Hedera Hashgraph’s Launches New Consensus Service Which Could Be Leveraged by IBM’s Hyperledger Fabric
Hedera Hashgraph released its Hedera consensus service (HCS), which can be used by external centralized applications, including IBM’s Hyperledger Fabric. Hedera Hashgraph’s governance board includes Boeing, Deutsche Telekom, IBM, Nomura, and recently, Google.
Hedera aims to have 39 governing council members and to be permissionless in the future. Currently, only 11 council members operate nodes with write permissions. Prior to the launch of the platform, the firm raised $124 million through a token sale. Its unique technical architecture makes it more efficient and scalable than most blockchains.
With the Hedera consensus service, external parities could also have access to the service and are open to developers on the Hedera mainnet. Hyperledger Fabric could also use the Hedera consensus service in determining the timestamp and order of transactions. As IBM is one of the members of Hedera’s governing council, the whitepaper was written with one of the members of the IBM Blockchain team.
Leemon Baird, the Co-founder of Chief Scientist of Hedera Hashgraph said, “Logging transactions in the exact order they occur is crucial to use cases across nearly every industry. HCS combines hashgraph’s fast, fair, and secure consensus algorithm with the trust and governance of Hedera’s public network.”

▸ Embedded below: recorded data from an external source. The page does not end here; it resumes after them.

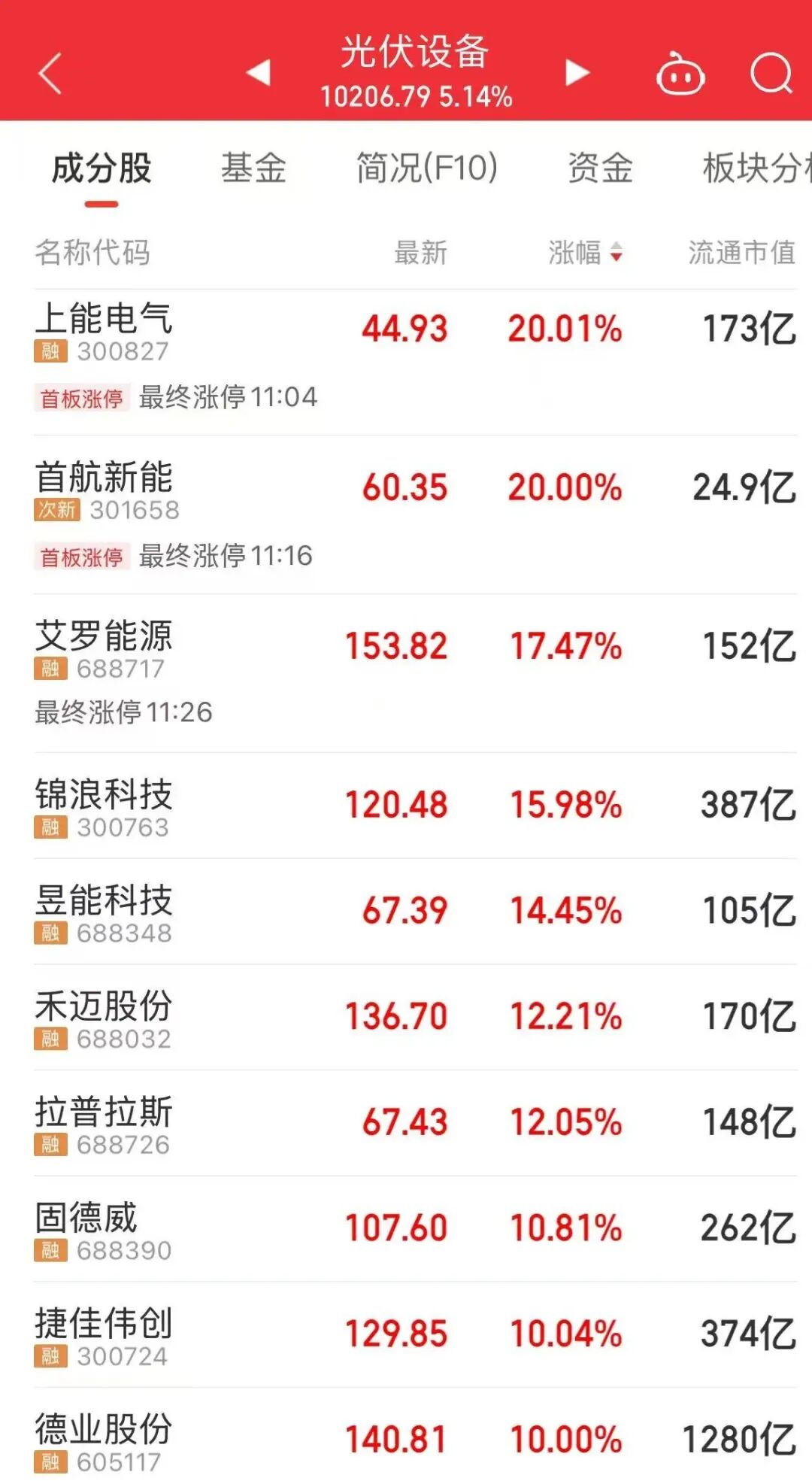 今天上午,光伏设备板块大涨,上能电气、首航新能、艾罗能源等个股大涨。
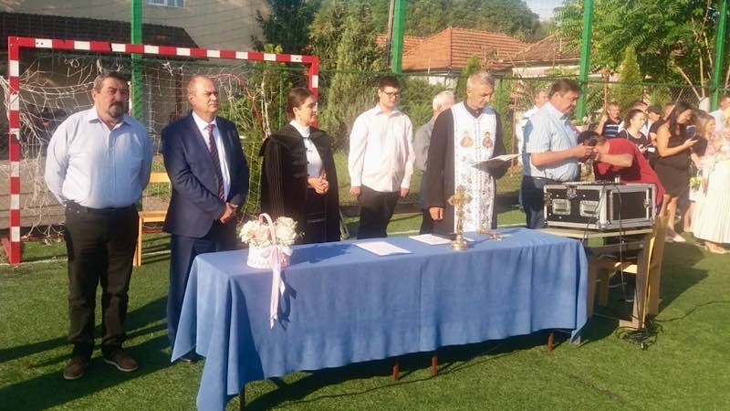 Festivitatea a continuat cu slujbele religioase oficiate de preotul ortodox Mititean Vandici Aurelian Florin, preotul greco-catolic Tantaș Vasile și doamna părinte reformat Kabai Kitti. Din partea preoților a luat cuvântul preotul Tantaș, care a subliniat importanța repetiției în procesul de învățare și a încurajat autoritățile să nu se oprească niciodată din a investi în școală. La rândul ei, doamna părinte reformat Kabai Kitti a întrebat un elev din clasa pregătitoare ce ar trebui să conțină ghiozdanul unui elev. Răspunsul a fost: „cărți, caiete, creioane, batistă”. Ea a completat cu un citat din Biblie (2 Petru 1:5-7), subliniind importanța credinței, cunoștinței, răbdării și iubirii de oameni.
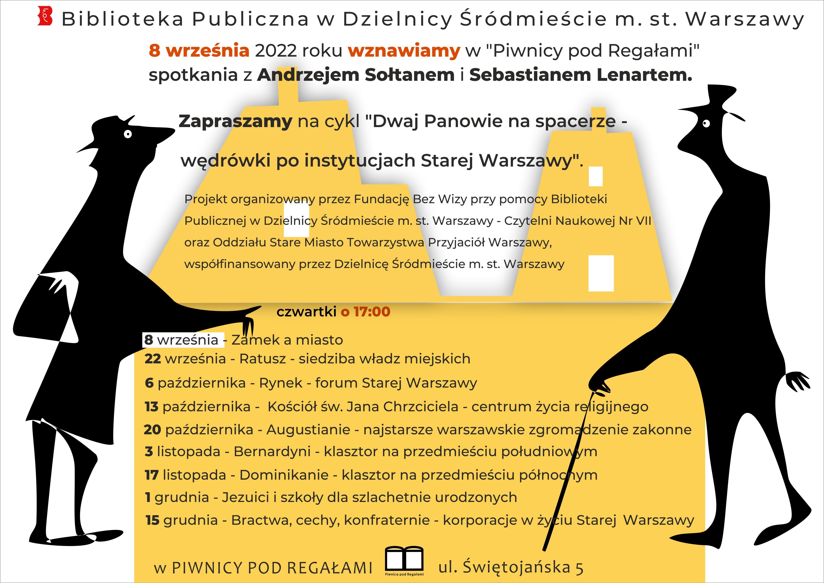 8 września 2022 roku wznawiamy w „Piwnicy pod Regałami” spotkania z Andrzejem Sołtanem i Sebastianem Lenartem. Zarówno bywalców jak i nowych słuchaczy zapraszamy, tym razem na cykl „Dwaj Panowie na spacerze – wędrówki po instytucjach Starej Warszawy”. Formuła, w której pozostając w komfortowym zaciszu „Piwnicy pod Regałami” odwiedzimy szereg miejsc wydaje się godna polecenia. Projekt organizowany przez Fundację Bez Wizy przy pomocy Biblioteki Publicznej w Dzielnicy Śródmieście m.st. Warszawy – Czytelnia Naukowa Nr VII oraz Oddziału Stare Miasto Towarzystwa Przyjaciół Warszawy współfinansowany przez Dzielnicę Śródmieście m.st. Warszawy.
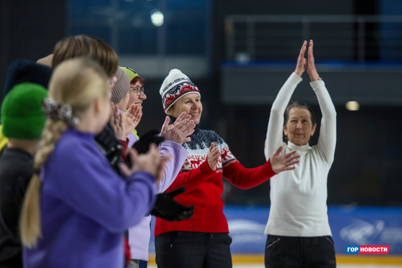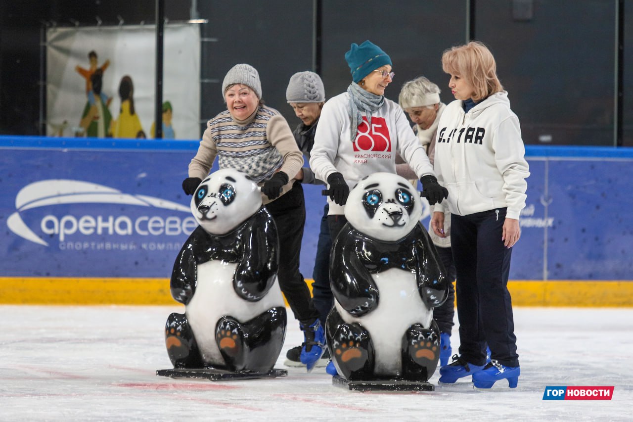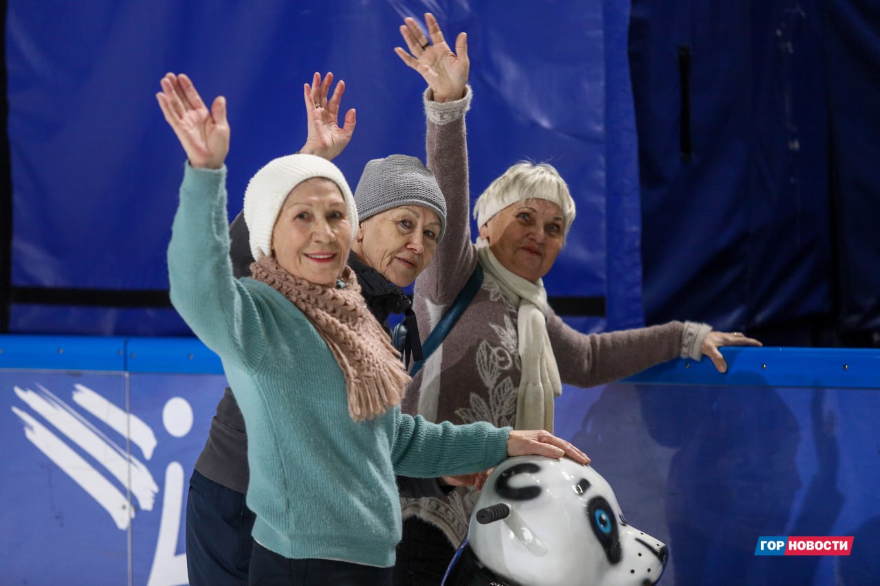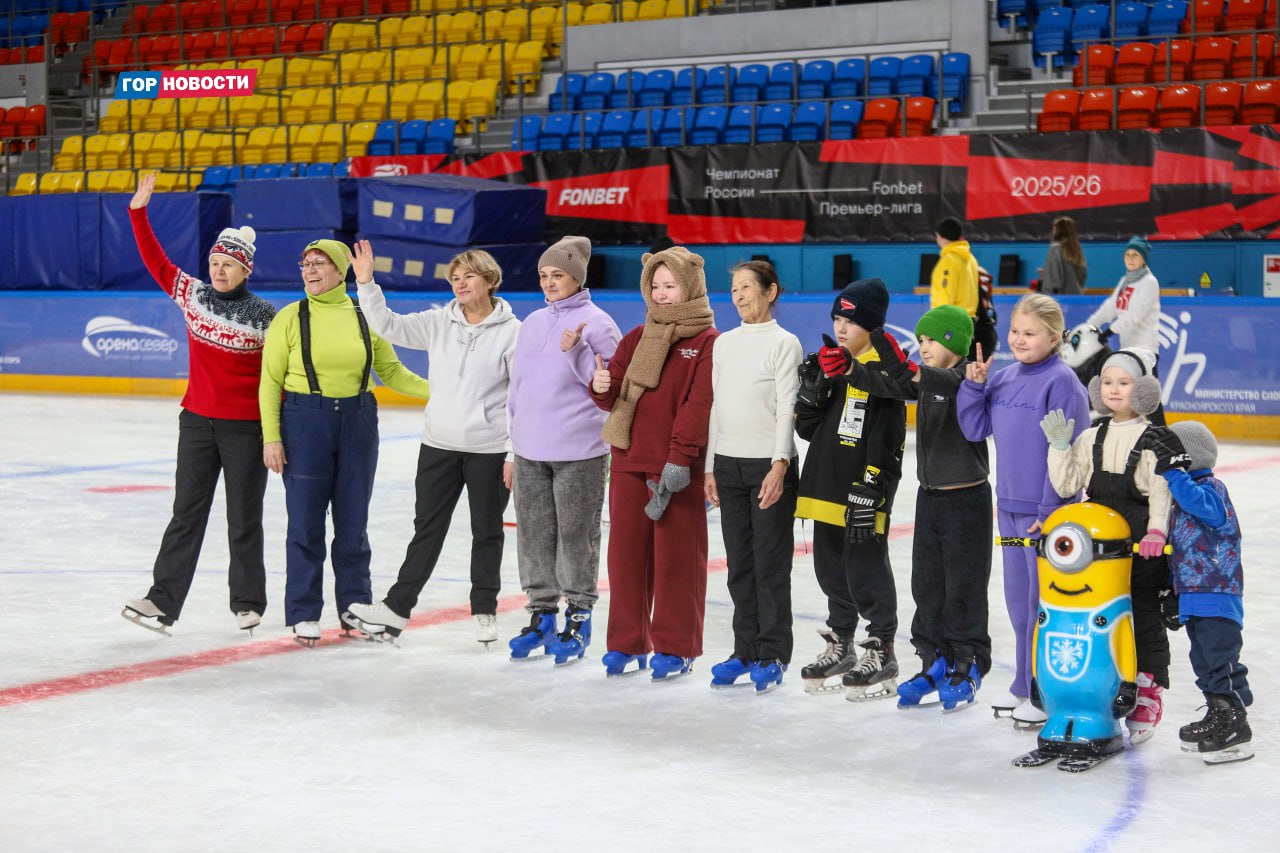 В Красноярске прошли тематические катания на коньках для участников проекта «Сибирское долголетие 2025. От мала до велика».
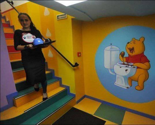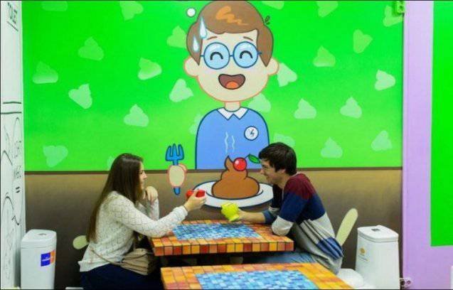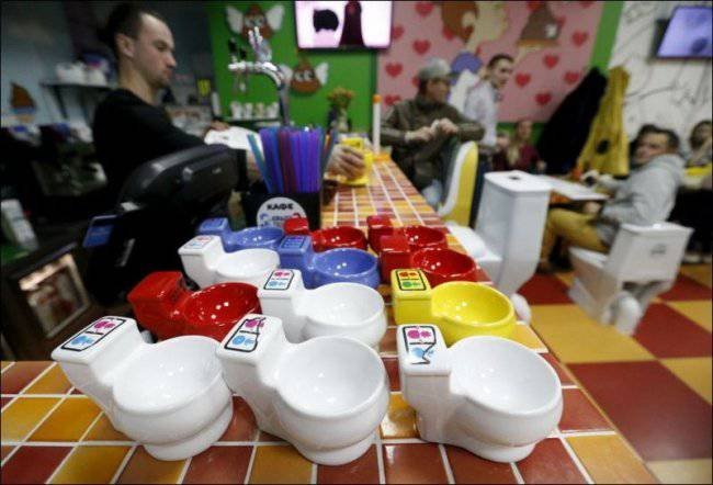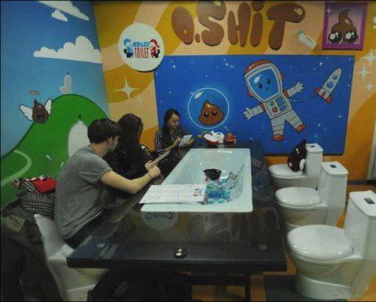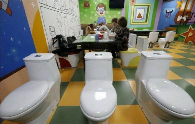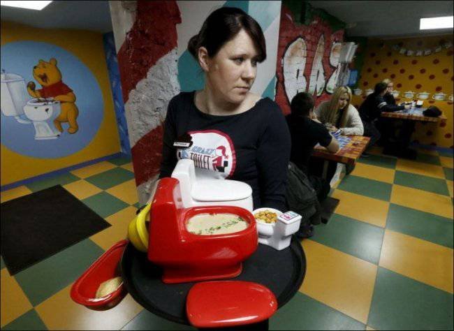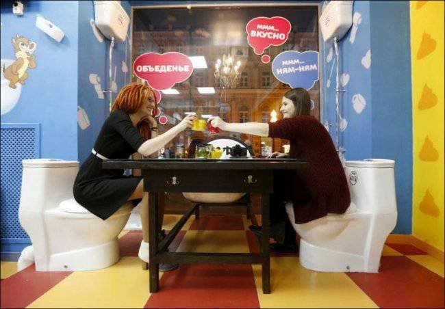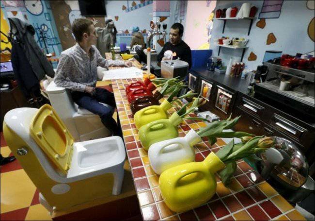 В Москве на Арбате, открылось уникальное, возможно, единственное в своем роде кафе. Кроме восхитительной кухни и необычной подачи это место отличает от всех остальных удивительный интерьер. Само название кафе говорит за себя - "Crazy toilet" - весь стиль кафе заточен под туалетную тематику - здесь и сиденья в виде унитазов, и посуда, и столы и все остальное.
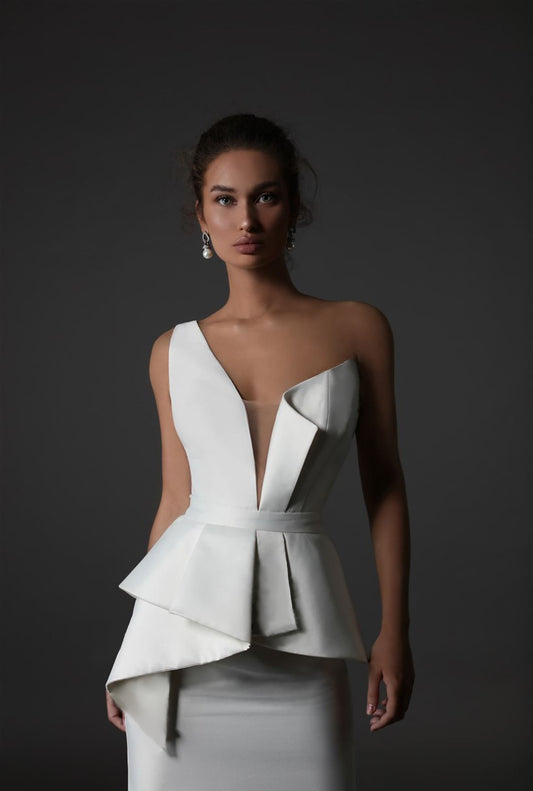 One Shoulder Ruffle Fluted Midi Dress V8749
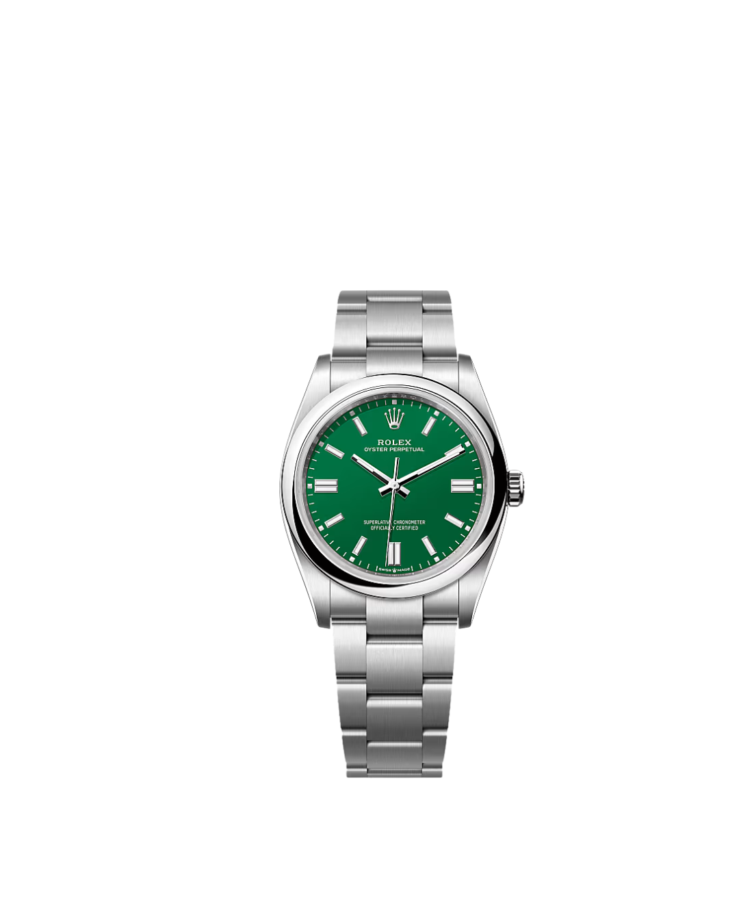Unworn Rolex 126000 with a striking green dial. 36mm Oyster case, Caliber 3230, 70-hour power reserve, 100m water resistance. Classic elegance.

According to Hedera, the service can also be used for a private Corda or Ethereum network. The use of a public consensus is beneficial to most small private networks, given that in private blockchain networks, the lack of decentralization could lead to collusion. Hedera’s split of its consensus service from its smart contract service brings more of an advantage when it comes to efficiency.